Alice esbozó una rápida sonrisa, dio media vuelta y emprendió el camino hacia el monasterio.
El viaje de regreso fue más rápido, pues sólo teníamos que volver sobre nuestros pasos. Mientras seguía a Alice, no podía apartar los ojos de su nuca, y hubo un momento en que estuve a punto de estirar la mano y tocarla. Estaba claro que los monjes no eran los únicos capaces de hacer el ridículo y comportarse como unos hipócritas.
De pronto, la vergüenza se apoderó de mí, y apenas dijimos nada durante todo el camino de vuelta. Pero al menos el silencio parecía más cálido que a la ida.
Cuando llegamos a la enfermería, Alice dijo que debía volver al trabajo y me dejó. El hermano Guy estaba vendándole la pierna al monje grueso. Al verme, alzó la cabeza hacia mí.
– ¿Ya de vuelta? -me preguntó-. Parecéis helado.
– Y lo estoy. Alice me ha sido de gran ayuda; os lo agradezco a los dos.
– ¿Qué tal dormís ahora?
– Mucho mejor, gracias a vuestra milagrosa poción. ¿Habéis visto a Mark?
– Ha pasado hace un momento por aquí. Iba a vuestra habitación. ¡Seguid tomando la poción durante unos días! -me recomendó el enfermero mientras yo abandonaba la sala preguntándome si debía hablarle a Mark de mi conversación con Alice.
Llegué a la habitación y abrí la puerta.
– Mark, he estado en… -empecé a decir mirando a mi alrededor.
La habitación estaba vacía. Pero, de pronto, oí una voz, una voz que parecía surgir de la nada. -¡Señor! ¡Ayudadme!
24
– ¡Socorro!
En la apagada voz de Mark, que en mi confusión me parecía surgida del vacío, había un tono de pánico.
Al cabo de un momento, advertí que el aparador estaba ligeramente separado de la pared.
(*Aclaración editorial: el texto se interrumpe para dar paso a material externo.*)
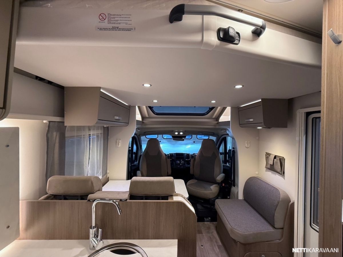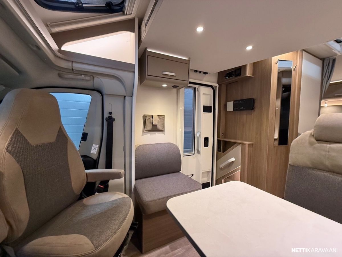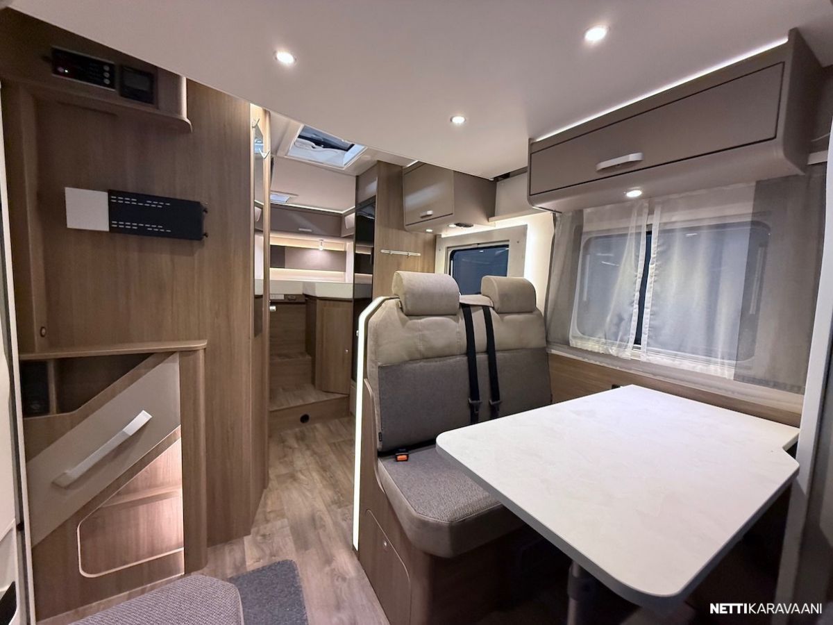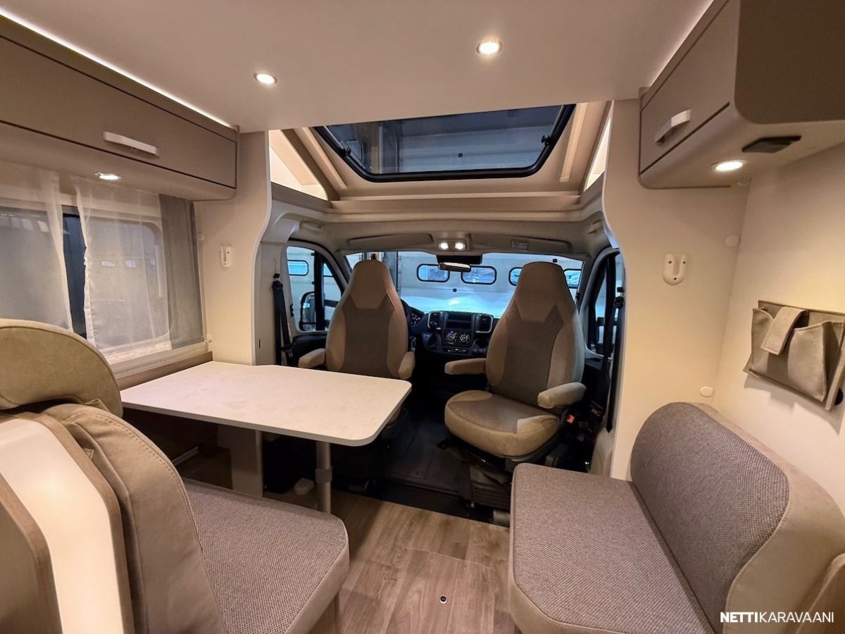 Ajotietokone, Jääkaappi, Kasetti WC, Kasettiverhot, Lattiamatot asunto-osassa, Liesi, Lämminvesiboileri, Markiisi, Ohjaustehostin, Pakastelokero, Pesuallas, Suihku, Sähkökäyttöiset ikkunat, Sähköpeilit, Vakionopeudensäädin, ABS-jarrut, Airbag, Ajonvakautusjärjestelmä, Luistonesto, Sumuvalot, Erikoisvanteet, Eristetty harmaavesisäiliö, Kattoluukku, Lattialämmitys, Sähköpatruuna, Sähkörappu, Trumatic, Turbo

Miré detrás y vi una puerta falsa en el revestimiento de madera. Tiré con fuerza del pesado mueble hasta que conseguí apartarlo un poco más.
– ¡Mark! ¿Estás ahí?
– ¡Me he quedado encerrado! ¡Abridme, señor! ¡Deprisa, podría volver en cualquier momento!
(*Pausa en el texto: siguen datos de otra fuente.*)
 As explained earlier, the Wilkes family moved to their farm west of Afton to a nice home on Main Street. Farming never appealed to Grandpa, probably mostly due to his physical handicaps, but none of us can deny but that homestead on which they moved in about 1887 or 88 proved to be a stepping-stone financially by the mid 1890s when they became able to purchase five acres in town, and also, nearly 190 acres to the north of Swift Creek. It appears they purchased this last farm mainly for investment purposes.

Accioné el viejo y roñoso picaporte, se oyó un clic y la portezuela se abrió, dejando pasar una ráfaga de aire húmedo. Mark salió disparado de la oscuridad, con el pelo revuelto y cubierto de polvo. Miré hacia la negrura y luego me volví hacia él.
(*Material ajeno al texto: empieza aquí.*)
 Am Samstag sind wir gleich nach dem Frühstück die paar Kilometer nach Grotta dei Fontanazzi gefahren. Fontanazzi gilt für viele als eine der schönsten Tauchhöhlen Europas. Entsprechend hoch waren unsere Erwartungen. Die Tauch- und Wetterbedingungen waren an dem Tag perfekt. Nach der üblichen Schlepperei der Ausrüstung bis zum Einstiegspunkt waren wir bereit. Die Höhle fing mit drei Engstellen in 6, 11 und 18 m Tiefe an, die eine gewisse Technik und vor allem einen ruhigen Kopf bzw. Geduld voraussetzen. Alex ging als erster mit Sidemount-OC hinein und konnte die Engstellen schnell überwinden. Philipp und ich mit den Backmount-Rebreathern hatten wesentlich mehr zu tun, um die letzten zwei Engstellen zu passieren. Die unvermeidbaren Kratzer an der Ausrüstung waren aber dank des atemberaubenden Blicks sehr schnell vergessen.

– ¡Por las llagas de Cristo! ¿Qué ha pasado? ¿Quién podría volver?
– Después de entrar ahí -dijo Mark entre jadeo y jadeo-, he cerrado la puerta, sin darme cuenta de que no se podía abrir desde dentro. Me he quedado atrapado. La portezuela tiene una mirilla; alguien ha estado espiándonos.
– Cuéntame lo que ha ocurrido, desde el principio.
«Al menos, con el susto se ha olvidado del enfado», me dije.